Gordon’s work is not altogether without interest; but it is vitiated by a number of features common in such books, including: a) seriously inadequate referencing of quasi-factual claims (which obviously obstructs assessment); b) loose and over-simplified argumentation (frequently the validity of one of his claims, if itself granted, would render a further more dramatic position arguable but no more than arguable and would by no means demonstrate that it was true – as Gordon repeatedly suggests); c) acceptance of highly dubious earlier fringe sources (notably Blavatsky and the modern proponents of Vedantic ideas about long time-depths for homo sapiens ); d) overstated criticisms of mainstream ideas (e.g. (post-)Darwinian approaches to evolution); e) sheer errors of fact and usage (e.g. acceptance of the theory of Egyptian ‘mystery religions’, now debunked; references to unrecorded trips to Egypt allegedly undertaken by Plato; a badly non-standard and thus confusing definition of the term scientism); etc.

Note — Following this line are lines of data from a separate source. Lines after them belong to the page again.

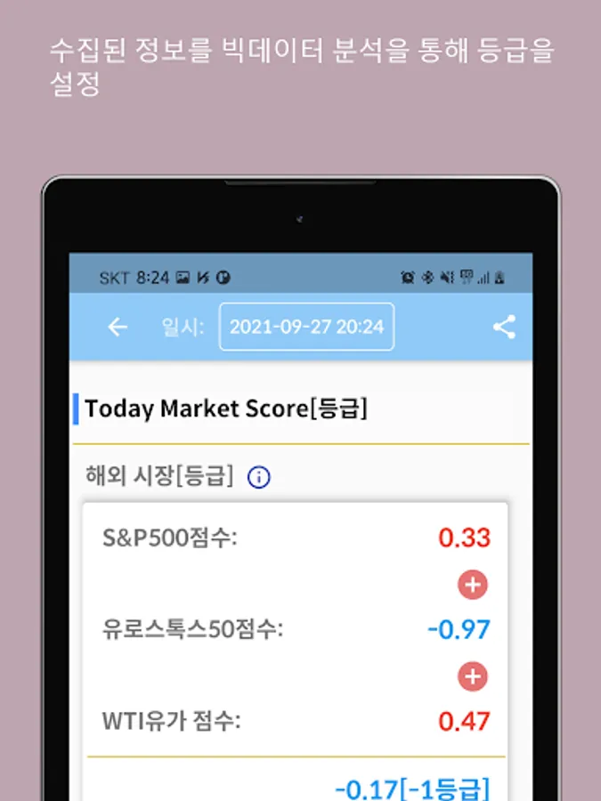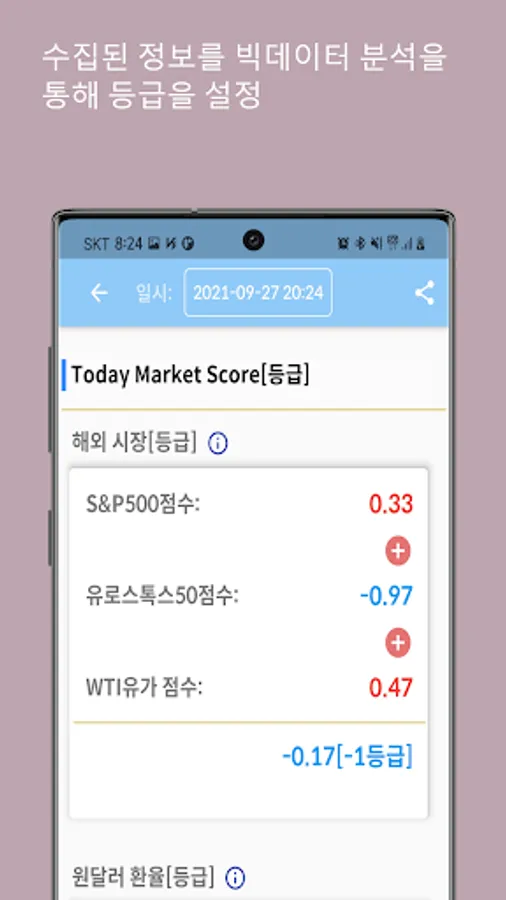 After calculating the score by taking into account the degree of impact on the Kospi for each index, the score is graded according to the range of scores.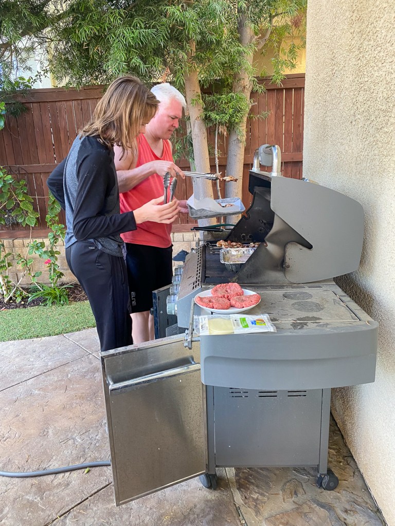 Don was explaining to Quinn how the guy does the grilling, no matter the cooking skill level of the spouse. Quinn got a lesson on grilling shrimp, bratwurst, and burgers.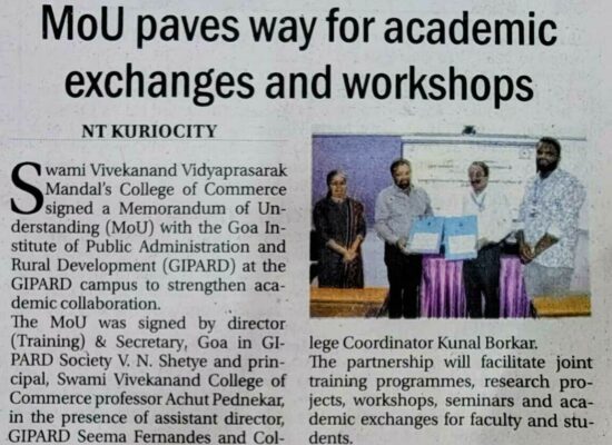 Co-curricular Activities MoU singing program to impart Vocational training to students Organised By Jan Shikshan Santhan Parvari Goa and SVVM’s College of Commerce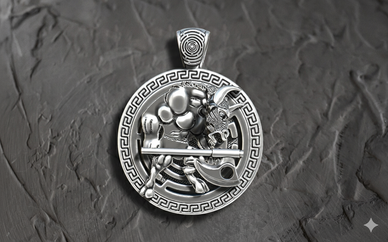 Crafted in sterling silver 925, the pendant can be plated in black rhodium or gold for a distinct finish. Custom finishes are also available upon request, allowing you to personalize this symbol of myth and history to your own taste.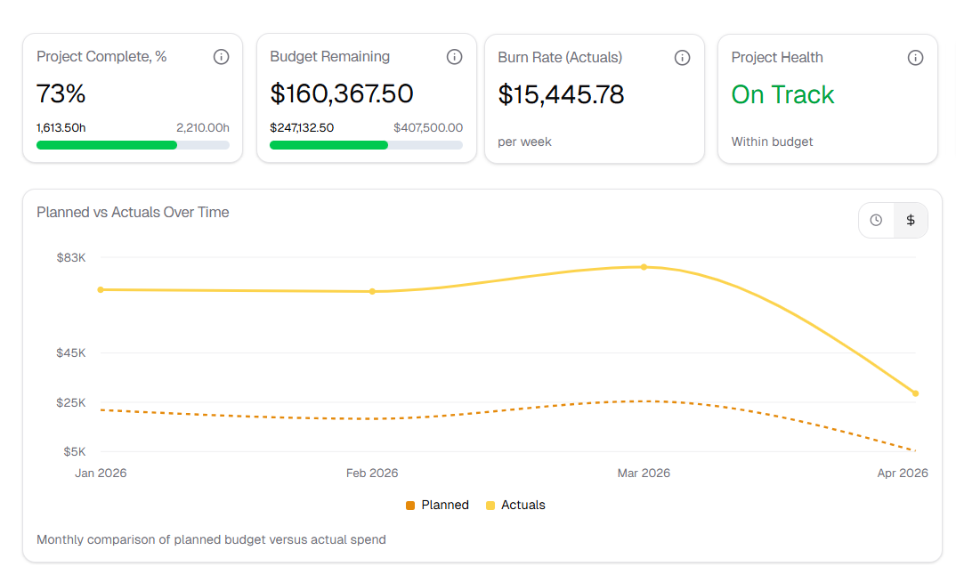 Utilization trends, revenue leakage, margin risk, stale approvals — surfaced on dashboards with clear next steps. Less time reading charts, more time taking action.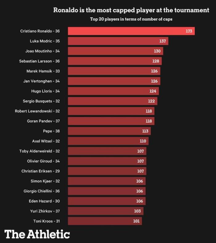 来源:24直播网06-05 11:0624直播网讯 近日,TheAtheltic盘点了本届欧洲杯参赛球员为国出战数据,为国出场数上C罗以173场独占鳌头,格纳布里则以场均0.71球的进球率领衔为国进球效率榜。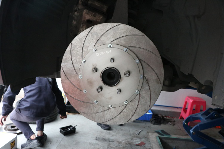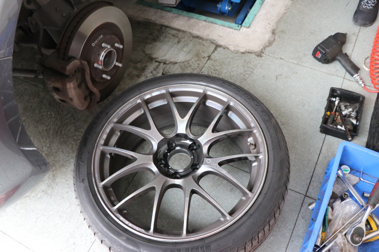 卸下原車的剎車卡鉗和剎車盤后,清理軸面(打磨祛銹,裁剪擋泥板),安裝橋位,然后裝上AP剎車盤。

My own main area of expertise is linguistics, and in this area Gordon displays vast confusion and advances/accepts some very poorly-grounded ideas. For instance: i) he repeatedly discusses key linguistic matters in an impossibly vague manner; ii) he fatally confuses linguistic levels (pronunciation and grammar) in using key terms such as agglutinative ; iii) he relies upon earlier non-standard thinkers whose ideas have not been judged plausible, and even upon ill-informed and dated sources such as Blavatsky; iv) he proposes wildly implausible and unsupported scenarios involving the development of languages and scripts (intended to replace well-established mainstream ideas about these matters); v) he largely ignores the two hundred years of scientific historical linguistic scholarship and thus employs the usual loose, utterly unreliable fringe philological/etymological methods; etc.
In any learned discipline, advancing novel theories is pointless if one does not first acquire (or gain access to) a reasonable degree of expertise – if only to disagree rationally with well-supported positions that one now understands. Gordon has not achieved this, in linguistics in particular, and it does not appear that he has made a serious attempt to do so.
I suggest that the book cannot be taken seriously as it stands. With more effort on Gordon’s part, it is conceivable that it might have been somewhat more interesting.